Task directions: Only one stretch of the data should be retyped: the lines from the line containing "そして、お腹に次いで「太もも」「顔全体」の施術を検討しているという結果でした。" through the line containing "图1~2:二零二三年七月十五". Keep pictures out of it.

Given information:
Start of Block

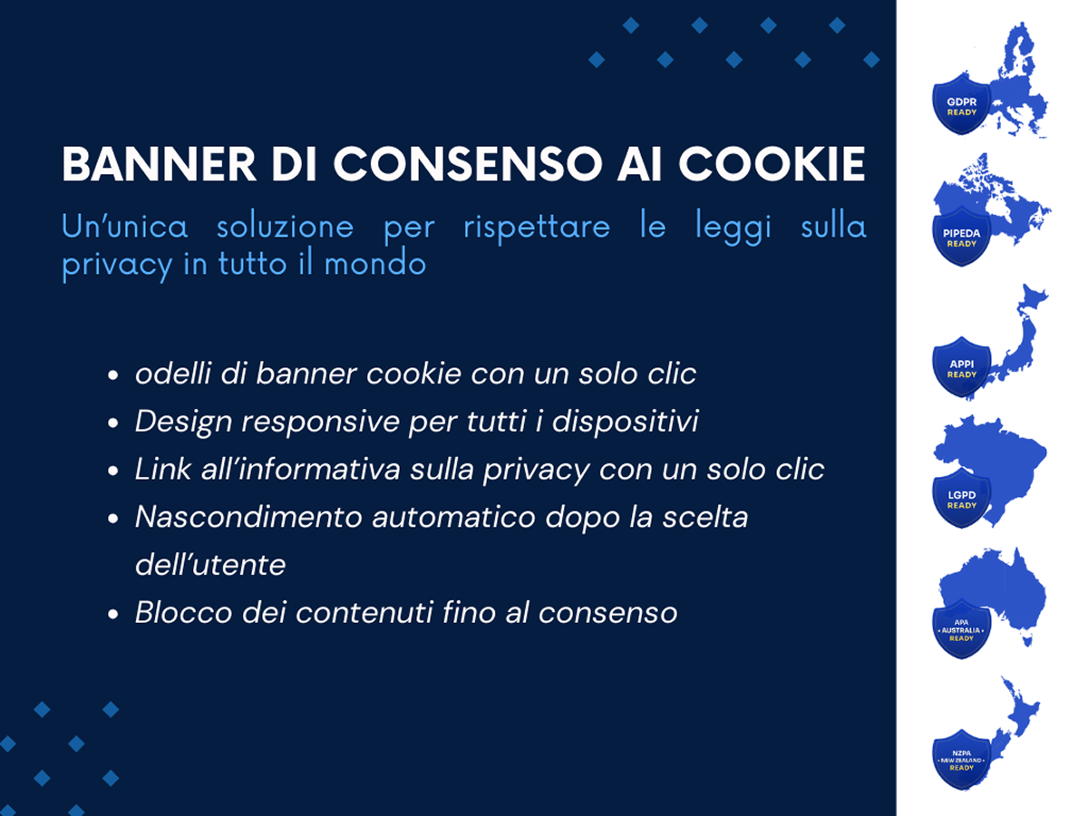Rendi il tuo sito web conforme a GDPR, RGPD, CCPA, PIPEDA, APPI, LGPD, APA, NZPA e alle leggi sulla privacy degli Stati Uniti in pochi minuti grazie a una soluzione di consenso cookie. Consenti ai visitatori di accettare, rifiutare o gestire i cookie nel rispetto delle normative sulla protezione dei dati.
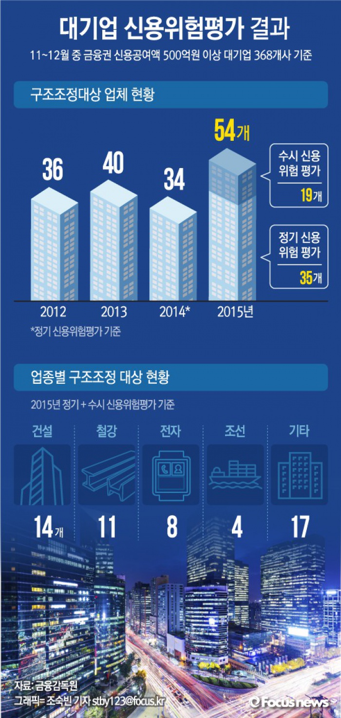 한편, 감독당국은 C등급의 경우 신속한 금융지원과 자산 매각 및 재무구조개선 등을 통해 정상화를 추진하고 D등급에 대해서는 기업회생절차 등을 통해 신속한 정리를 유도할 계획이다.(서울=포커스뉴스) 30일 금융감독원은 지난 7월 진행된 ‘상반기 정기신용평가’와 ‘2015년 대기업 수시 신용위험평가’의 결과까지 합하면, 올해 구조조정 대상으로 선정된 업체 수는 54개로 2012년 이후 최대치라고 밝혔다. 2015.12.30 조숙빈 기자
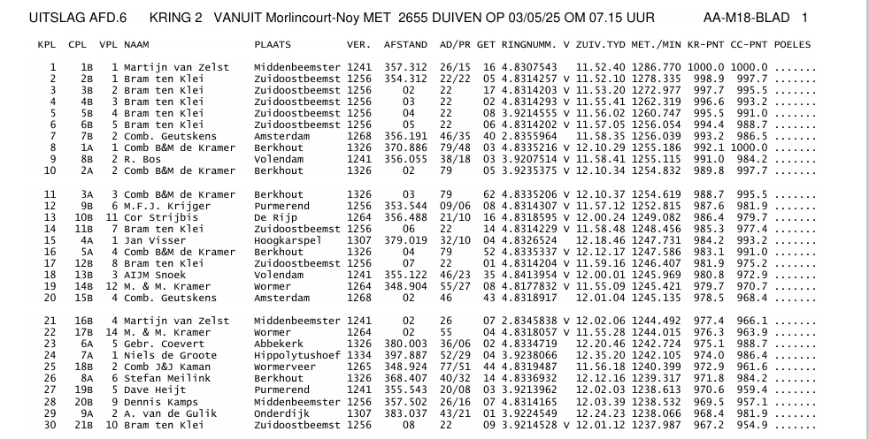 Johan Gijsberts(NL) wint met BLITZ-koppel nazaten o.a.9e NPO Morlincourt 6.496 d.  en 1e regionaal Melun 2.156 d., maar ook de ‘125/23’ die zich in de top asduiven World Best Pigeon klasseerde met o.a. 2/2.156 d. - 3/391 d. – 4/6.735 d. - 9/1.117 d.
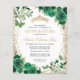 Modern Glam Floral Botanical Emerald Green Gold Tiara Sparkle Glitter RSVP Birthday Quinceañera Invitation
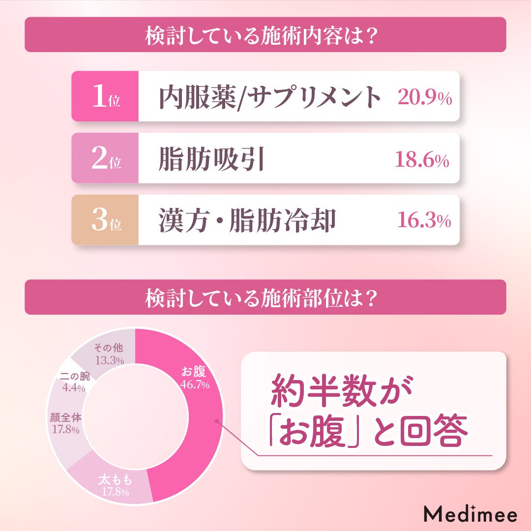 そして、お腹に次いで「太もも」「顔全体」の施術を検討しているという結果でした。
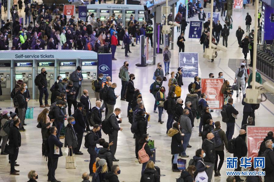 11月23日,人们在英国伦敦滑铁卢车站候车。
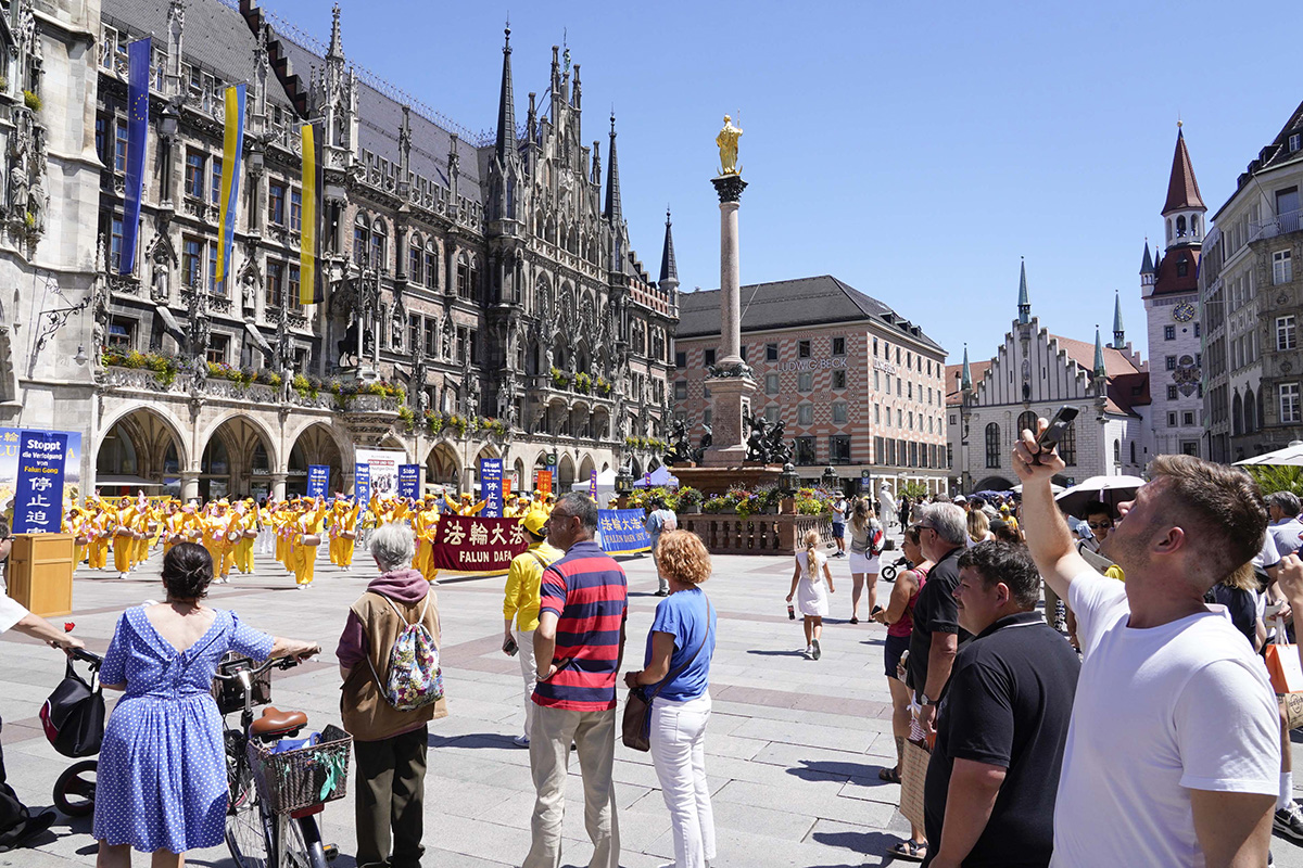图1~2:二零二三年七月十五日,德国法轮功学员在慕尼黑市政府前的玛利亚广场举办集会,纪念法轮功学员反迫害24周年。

End of Block
Start of Block

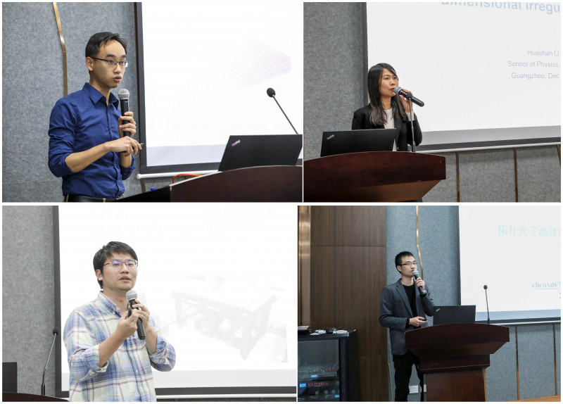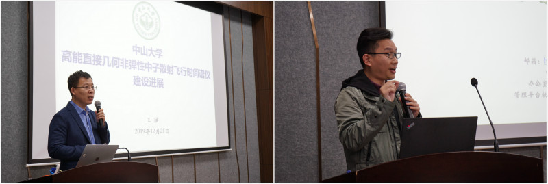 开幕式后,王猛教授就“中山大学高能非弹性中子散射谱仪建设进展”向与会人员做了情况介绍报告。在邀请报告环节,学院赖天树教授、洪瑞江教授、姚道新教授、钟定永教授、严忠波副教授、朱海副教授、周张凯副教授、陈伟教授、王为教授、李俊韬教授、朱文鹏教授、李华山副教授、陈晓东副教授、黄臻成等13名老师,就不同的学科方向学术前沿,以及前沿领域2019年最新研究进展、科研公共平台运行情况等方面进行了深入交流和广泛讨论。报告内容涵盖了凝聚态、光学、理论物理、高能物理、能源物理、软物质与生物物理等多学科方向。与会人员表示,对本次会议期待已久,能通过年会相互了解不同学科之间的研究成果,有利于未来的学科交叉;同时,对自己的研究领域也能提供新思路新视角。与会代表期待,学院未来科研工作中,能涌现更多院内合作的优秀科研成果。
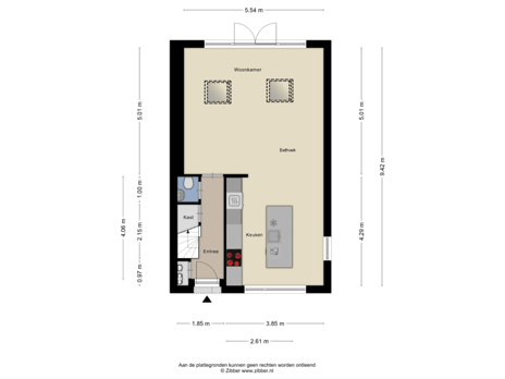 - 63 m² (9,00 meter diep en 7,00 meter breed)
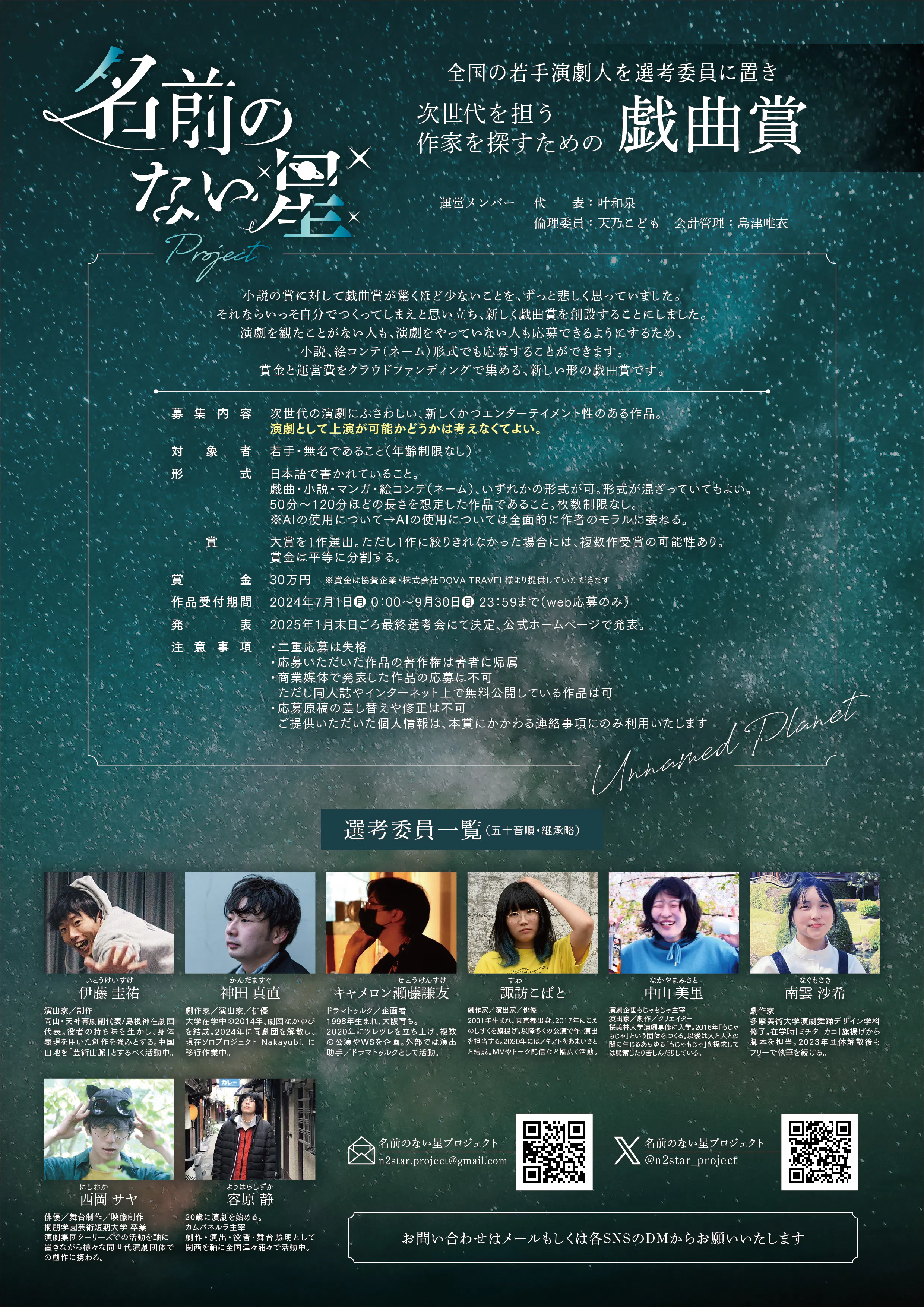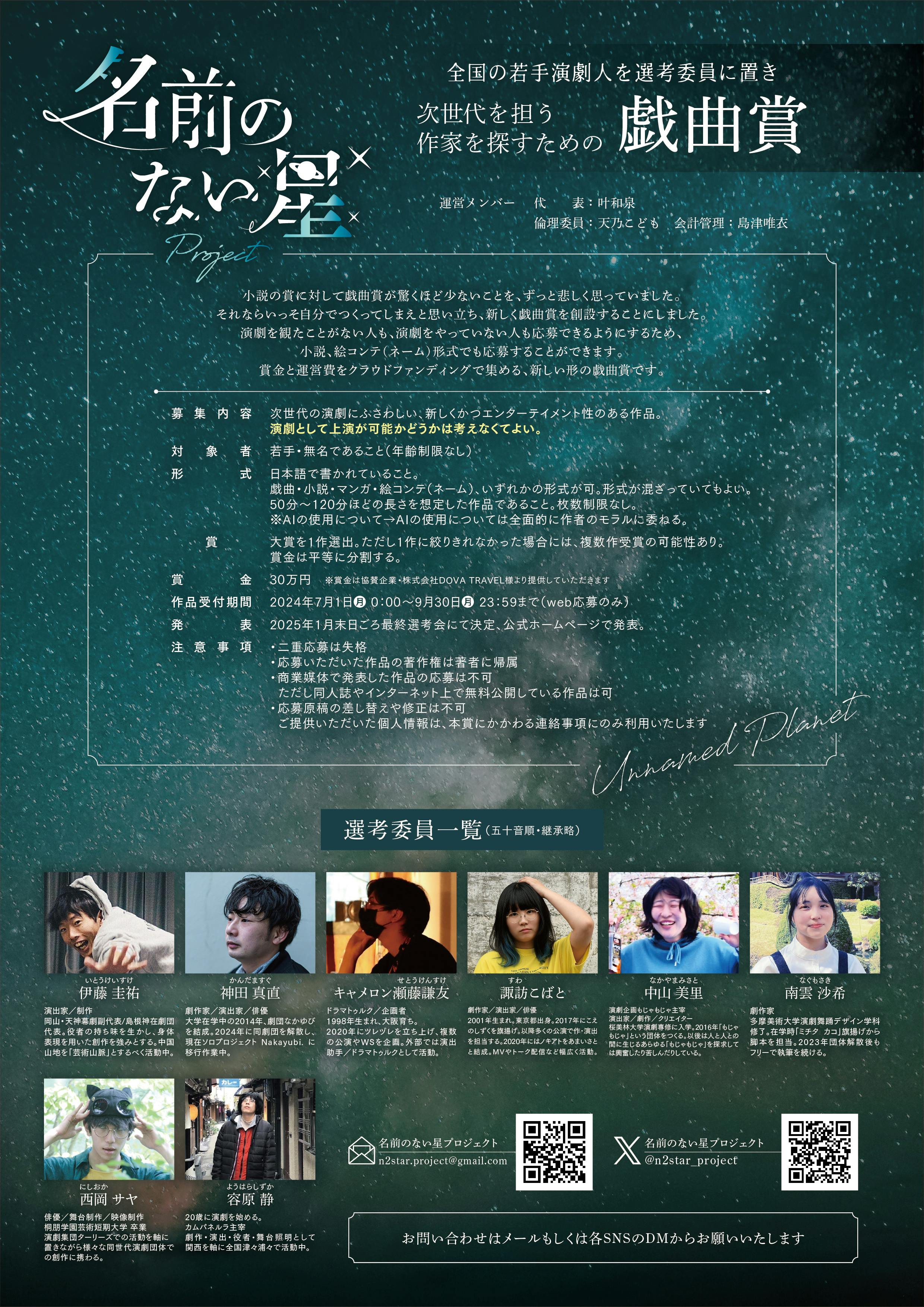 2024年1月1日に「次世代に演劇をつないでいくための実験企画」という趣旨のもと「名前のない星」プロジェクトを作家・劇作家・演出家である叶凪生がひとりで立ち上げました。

End of Block

Worked solution:
 そして、お腹に次いで「太もも」「顔全体」の施術を検討しているという結果でした。
 11月23日,人们在英国伦敦滑铁卢车站候车。
图1~2:二零二三年七月十五日,德国法轮功学员在慕尼黑市政府前的玛利亚广场举办集会,纪念法轮功学员反迫害24周年。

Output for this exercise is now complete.